Authors: Camila Freire Barrios, Gonzalo Rivera Talavera

Abstract:

The importance of public spaces has been shown for many years, and in different disciplines, with one example being their ability for developing a sustainable social environment, especially in mega cities like Lima. The aim of this study was to explore the process of space appropriation that occurs in the Peripheral Library of the district El Agustino in Lima, Peru. Space appropriation is a process by which people develop a link with a place within a specific sociocultural context. This process has been related to positive outcomes, such as: participation and in the development of compassionate behaviors with these places. To achieve the purpose of the research, a qualitative design was selected because this will allowed exploring in deep the process in an specific context. The study interviewed six adults, all of whom were deliberately chosen to have the longest residence time in the district and also utilized the library the most. In a complementary manner, two children and one adolescent were interviewed. Likewise, two observations were made on a weekday and weekend, and public documentation information was collected.

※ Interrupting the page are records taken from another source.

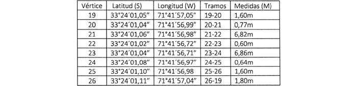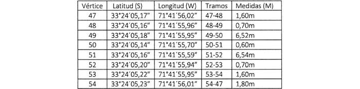 Sector 5, Tramo 1 (Escala II) tiene una superficie de 5,13 m² y sus coordenadas geográficas, tramos y medidas son las siguientes:
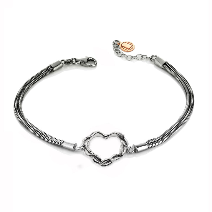 The BeLove Sterling Silver Bracelet is a unique and romantic expression of love. Handcrafted in Italy, this bracelet from the Heart collection features an elegant design of small, intertwined leaves that form a heart. Made from brunished sterling silver with 14k rose gold plated monograms, it has a timeless look with a modern twist. The double snake knit thread adds a sophisticated touch, making it a true symbol of Italian refinement.
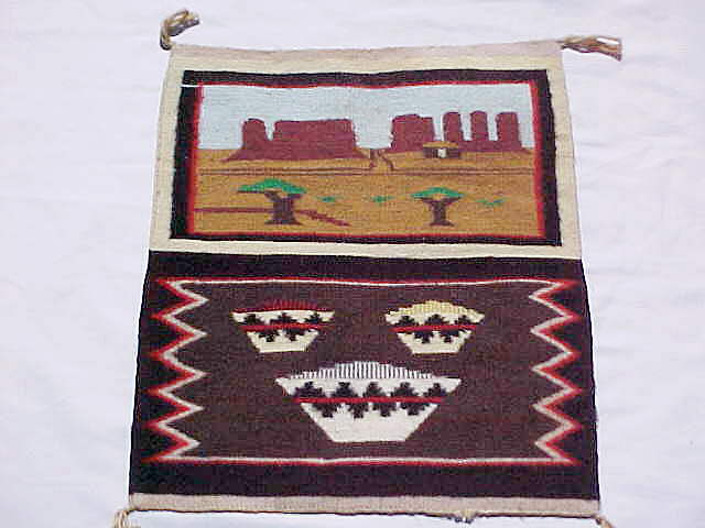 CLASSIC NATIVE AMERICAN hand made woven rug. This great hand woven rug is probably Navajo or Zuni. . We call this "Monument Valley" and it is 22 & l/2" by 19". Gorgeous hand crafted detail. It is 35 or more years old. Beautiful, rare and unique!
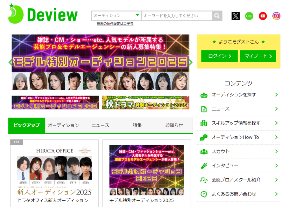 Deview(デビュー) | オリコン系列の公式案件中心 | 詳細な応募要項あり | 初心者・未経験者 | 募集終了済も掲載される |
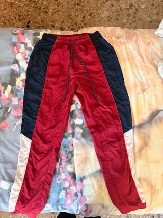 Pantalón de chándal con un diseño deportivo y llamativo. - Paneles laterales en contraste. - Cintura con cordón ajustable. - Estilo retro.
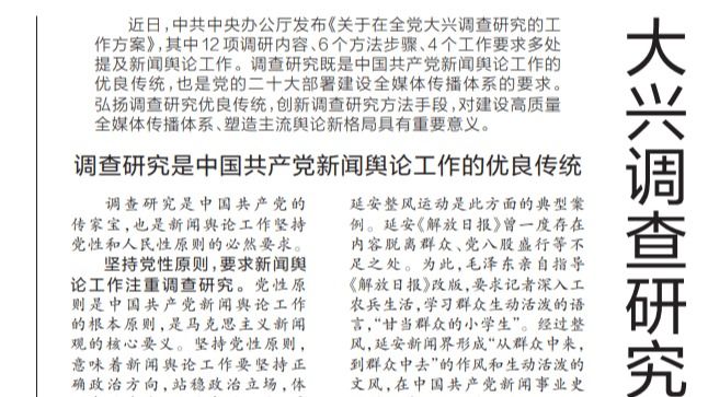 近日,中共中央办公厅发布《关于在全党大兴调查研究的工作方案》,其中12项调研内容、6个方法步骤、4个工作要求多处提及新闻舆论工作。调查研究既是中国共产党新闻舆论工作的优良传统,也是党的二十大部署建设全媒体传播体系的要求。弘扬调查研究优良传统,创新调查研究方法手段,对建设高质量全媒体传播体系、塑造主流...
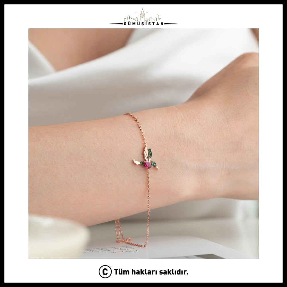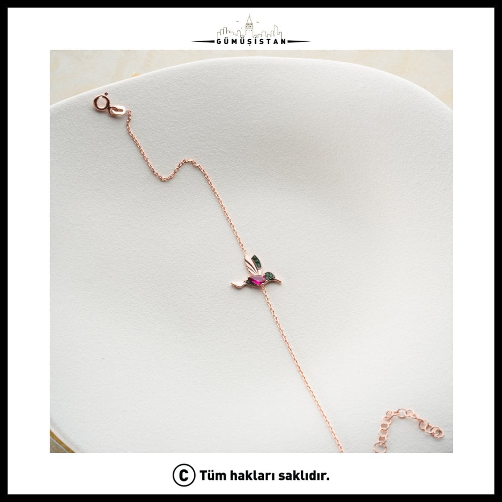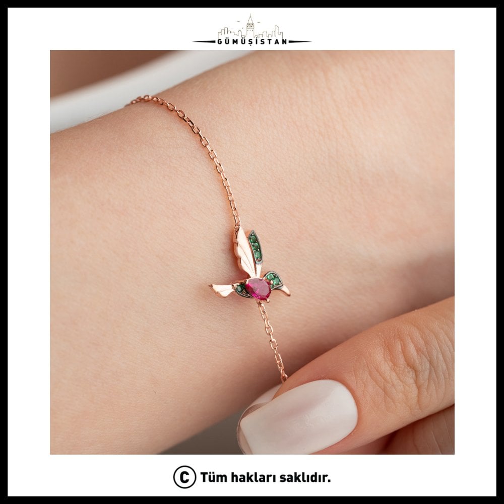 Doğadan ilham alan kuş figürüyle tasarlanan bu 925 ayar gümüş bileklik, renkli taş detaylarıyla zarif ve dikkat çekici bir görünüm sunar. İnce ve minimal zincir yapısı sayesinde hem günlük kullanıma hem de özel günlerde şık kombinlerinize kolayca uyum sağlar.
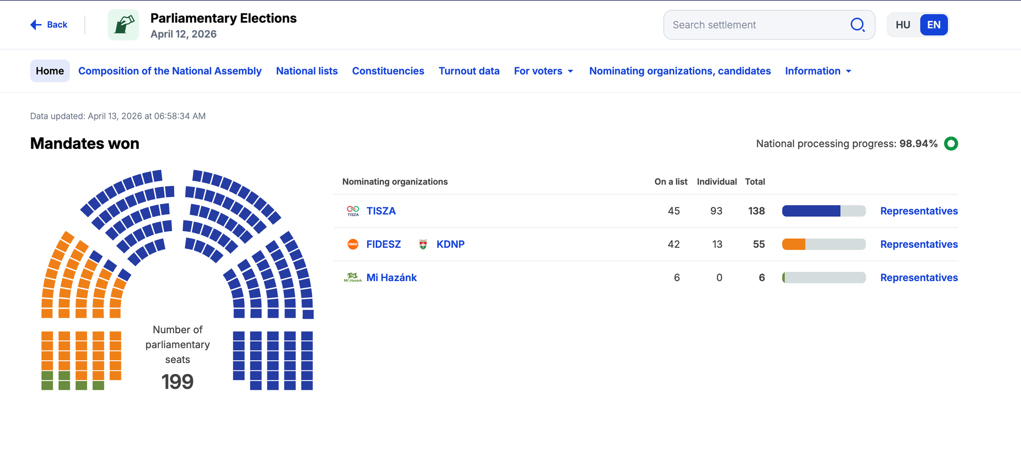 Potrivit datelor oficiale, cu peste 98% din voturi numărate, Tisza este pe cale să obțină 138 de mandate din totalul de 199, ceea ce îi oferă o majoritate calificată de două treimi în Parlament. În același timp, alianța Fidesz-KDNP, condusă de Orbán, ar urma să rămână cu aproximativ 55 de mandate, iar partidul de extremă dreapta Mi Hazánk Mozgalom - cu 6 mandate.
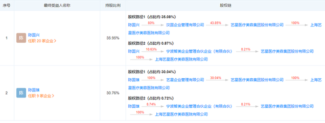 據(jù)悉,上海藝星是藝星醫(yī)療美容集團(tuán)股份有限公司全額子公司,終受益人陳國興持股35.95%,陳國雄持股30.76%,經(jīng)營范圍為外科,醫(yī)療美容科,麻醉科,醫(yī)學(xué)檢驗科,醫(yī)學(xué)影像科;健康信息咨詢(不得從事心理咨詢)等。另據(jù)上海藝星官網(wǎng)介紹,“藝星系”在北京、上海、杭州、武漢、成都等全國18地均設(shè)有分公司。(記者楊奇奇)
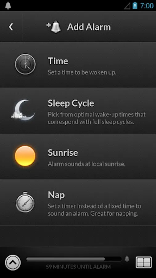 • Set alarm through one of four modes: Time, Sleep Cycle, Quick Nap, or Sunrise. Sleep Cycle helps pick optimal wake-up times to correspond with sleep cycles.

As a result, five categories linked to this process were identified. It was found that the process of space appropriation begins with the needs of the people who arrive at the library, which provides benefits to these people by fulfilling them. Next in the process, through the construction of meanings, the library is then valued as a pleasant, productive, safe and regulated place; as a result, people become identified with the library. The identification generated is subsequently reflected in the level of participation that the person has in the library, which may go in a continuum from no participating at all to a more direct involvement in the library activities, as well as voluntary and altruistic work. Finally, this process leads to the library becoming part of the neighborhood. This study allows having a better understanding of how sociospatial processes work in a Latinamerican context and in cities like Lima, where the third of the country’s population lives. Also, Lima has grown in the past 50 years in a excessively way and with lack of planification. Therefore, these results brings new research questions and highlights the importance of learning how to design public spaces in order to promote these processes to develop.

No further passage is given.